--- START ---

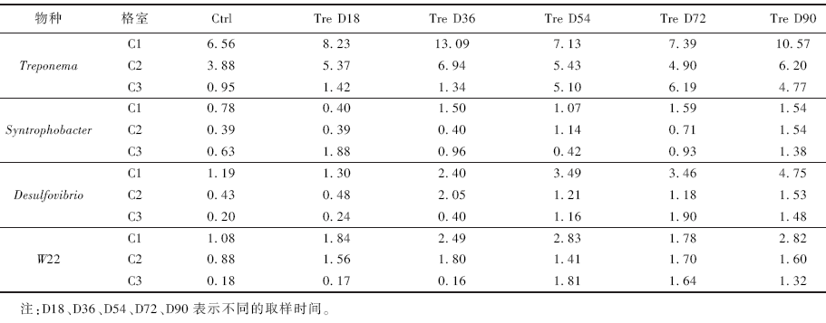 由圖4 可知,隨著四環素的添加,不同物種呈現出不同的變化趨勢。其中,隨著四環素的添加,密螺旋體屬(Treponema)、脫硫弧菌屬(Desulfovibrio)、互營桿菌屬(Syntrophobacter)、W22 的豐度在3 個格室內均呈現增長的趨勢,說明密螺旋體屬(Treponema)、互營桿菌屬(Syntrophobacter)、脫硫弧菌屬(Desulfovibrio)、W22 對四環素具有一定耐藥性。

--- END ---
--- START ---

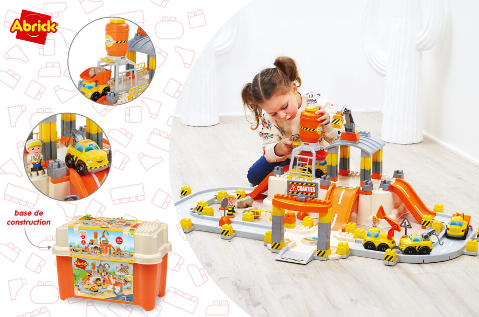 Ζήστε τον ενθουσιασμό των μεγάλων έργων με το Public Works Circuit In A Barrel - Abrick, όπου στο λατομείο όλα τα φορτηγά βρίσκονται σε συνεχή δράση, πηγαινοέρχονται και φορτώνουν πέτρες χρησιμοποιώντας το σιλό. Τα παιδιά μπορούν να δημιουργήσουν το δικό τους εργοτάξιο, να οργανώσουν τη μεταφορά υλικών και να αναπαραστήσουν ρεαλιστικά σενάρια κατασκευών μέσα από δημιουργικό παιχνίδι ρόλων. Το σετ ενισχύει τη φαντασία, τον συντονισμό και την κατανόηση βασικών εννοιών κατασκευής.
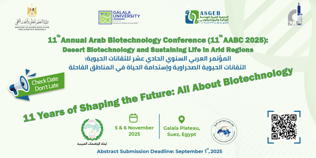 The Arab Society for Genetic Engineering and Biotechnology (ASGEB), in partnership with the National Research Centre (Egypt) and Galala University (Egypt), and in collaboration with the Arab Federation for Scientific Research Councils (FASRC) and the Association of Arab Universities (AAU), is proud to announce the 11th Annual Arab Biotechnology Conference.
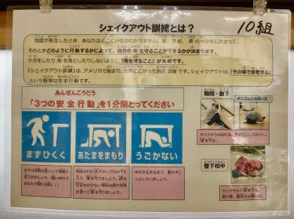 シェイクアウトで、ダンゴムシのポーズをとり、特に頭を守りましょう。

--- END ---
--- START ---

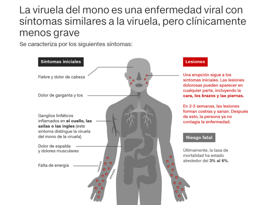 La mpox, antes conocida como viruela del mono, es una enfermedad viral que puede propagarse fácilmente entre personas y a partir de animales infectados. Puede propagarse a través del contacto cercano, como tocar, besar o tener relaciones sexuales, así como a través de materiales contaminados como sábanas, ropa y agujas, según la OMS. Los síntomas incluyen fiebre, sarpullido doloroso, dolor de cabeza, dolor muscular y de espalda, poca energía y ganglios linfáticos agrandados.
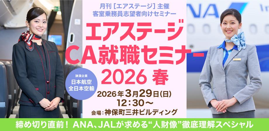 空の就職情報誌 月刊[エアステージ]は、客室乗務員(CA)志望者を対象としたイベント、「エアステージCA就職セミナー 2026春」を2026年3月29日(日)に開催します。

--- END ---

● REQUIRED WORK:
Output exactly the stretch of the listing that begins at the line containing "The Arab Society" and ends at the line containing "シェイクアウトで、ダンゴムシのポーズをとり、特に頭を守りましょう。", both kept. Omit pictures and everything else.

● SOLUTION TO THIS EXERCISE:
 The Arab Society for Genetic Engineering and Biotechnology (ASGEB), in partnership with the National Research Centre (Egypt) and Galala University (Egypt), and in collaboration with the Arab Federation for Scientific Research Councils (FASRC) and the Association of Arab Universities (AAU), is proud to announce the 11th Annual Arab Biotechnology Conference.
 シェイクアウトで、ダンゴムシのポーズをとり、特に頭を守りましょう。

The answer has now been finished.